## WORK REQUEST
Could you restate every entry word for word, leaving the pictures out?

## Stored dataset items

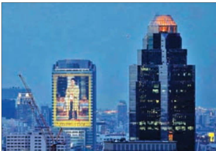
A portrait of Thai King Maha Vajiralongkorn is seen on a building on the eve of his 65th birthday in Bangkok, Thailand, on 27 July 2017.

The Thai government is officially in a year-long period of mourning following the death last October of King Bhumibol Adulyadej, Vajiralongkorn's father, which means government offi-
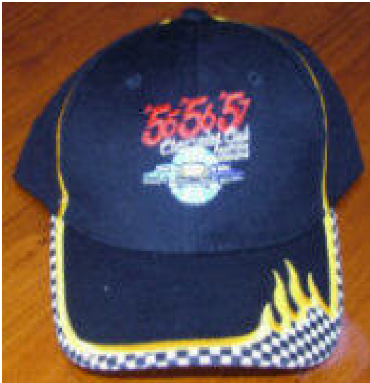
Club Cap $15.00
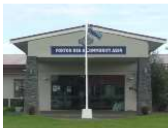
Foxton RSA & Community Assoc.
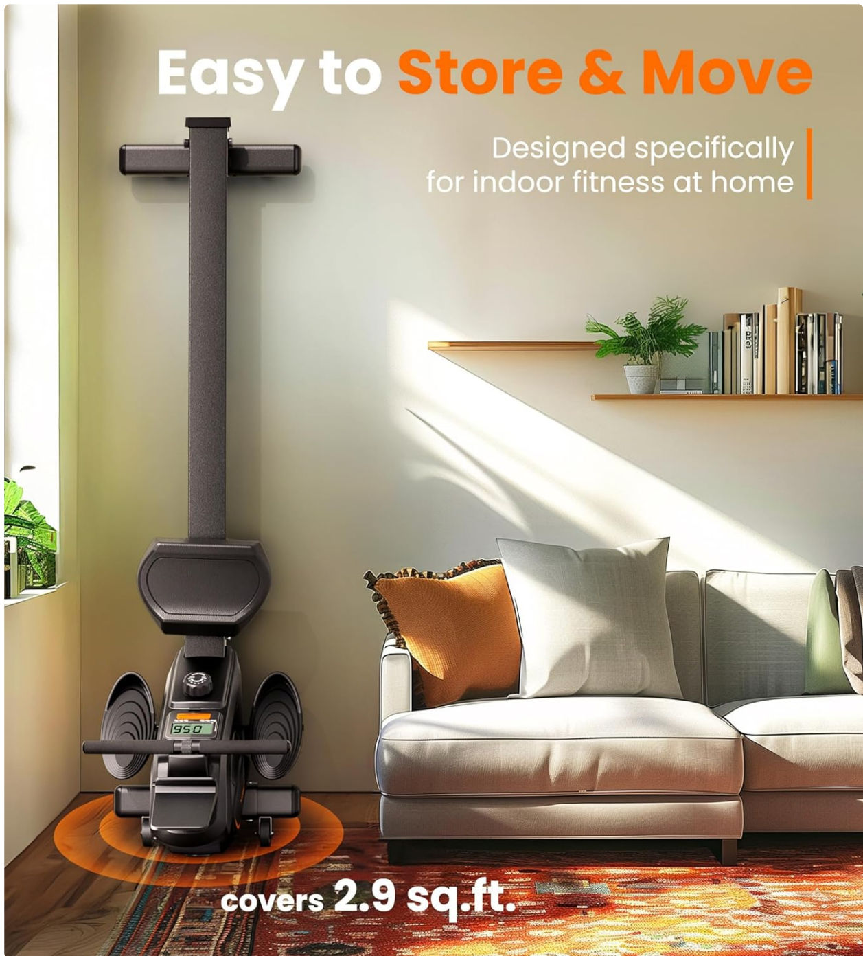
Image: The YOSUDA Magnetic Rowing Machine stored upright, demonstrating its compact footprint.

The YOSUDA Magnetic Rowing Machine is designed for convenient storage and easy movement within your home.
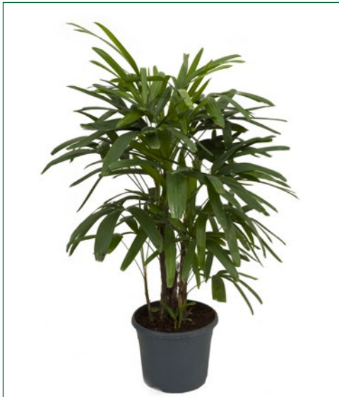
Artcode: 4RHEXBU68 Description: Rhaps excelsa Form: Tuft Pot: 26 Height: 100
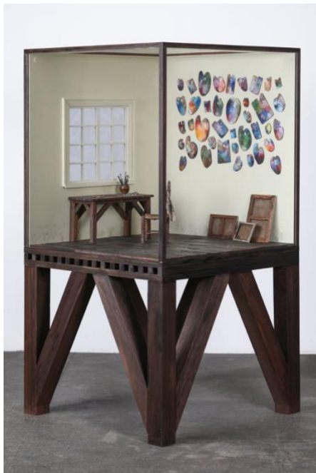
Stepping Out of the Studio Ni Youyu Mixed media 80 × 80 × 151 cm 2020 Courtesy the artist
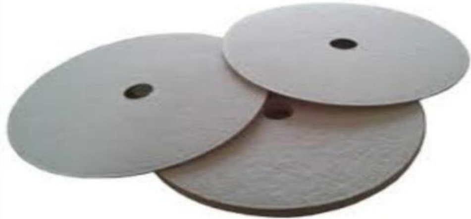
SPARKLER PAD— WOVEN ,NON WOVEN ,CELLULOSE
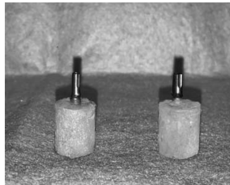
Figure 1: Abutments with two different diameters (3.9 mm and 5.2 mm)

This in-vitro experimental study was conducted on sixteen Morse-taper implants (4×10 mm, Lazak, Prague, Czech Republic) with two different abutment diameters (3.9 and 5.2 mm) and with 3-mm gingival height (Figure 1).
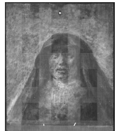
Fig 2. X-radiograph of Bust of an Old Woman , RR-122
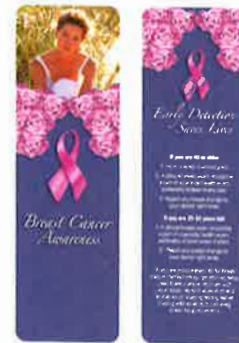
Breast Cancer Awareness (BCA)
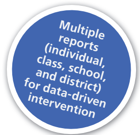
Academic Risk Index™ Reports identify which students are most at-risk.
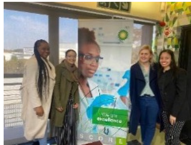
Students presenting intervention in-person

## RESULT FOR THIS TASK
A portrait of Thai King Maha Vajiralongkorn is seen on a building on the eve of his 65th birthday in Bangkok, Thailand, on 27 July 2017.

The Thai government is officially in a year-long period of mourning following the death last October of King Bhumibol Adulyadej, Vajiralongkorn's father, which means government offi-
Club Cap $15.00
Foxton RSA & Community Assoc.
Image: The YOSUDA Magnetic Rowing Machine stored upright, demonstrating its compact footprint.

The YOSUDA Magnetic Rowing Machine is designed for convenient storage and easy movement within your home.
Artcode: 4RHEXBU68 Description: Rhaps excelsa Form: Tuft Pot: 26 Height: 100
Stepping Out of the Studio Ni Youyu Mixed media 80 × 80 × 151 cm 2020 Courtesy the artist
SPARKLER PAD— WOVEN ,NON WOVEN ,CELLULOSE
Figure 1: Abutments with two different diameters (3.9 mm and 5.2 mm)

This in-vitro experimental study was conducted on sixteen Morse-taper implants (4×10 mm, Lazak, Prague, Czech Republic) with two different abutment diameters (3.9 and 5.2 mm) and with 3-mm gingival height (Figure 1).
Fig 2. X-radiograph of Bust of an Old Woman , RR-122
Breast Cancer Awareness (BCA)
Academic Risk Index™ Reports identify which students are most at-risk.
Students presenting intervention in-person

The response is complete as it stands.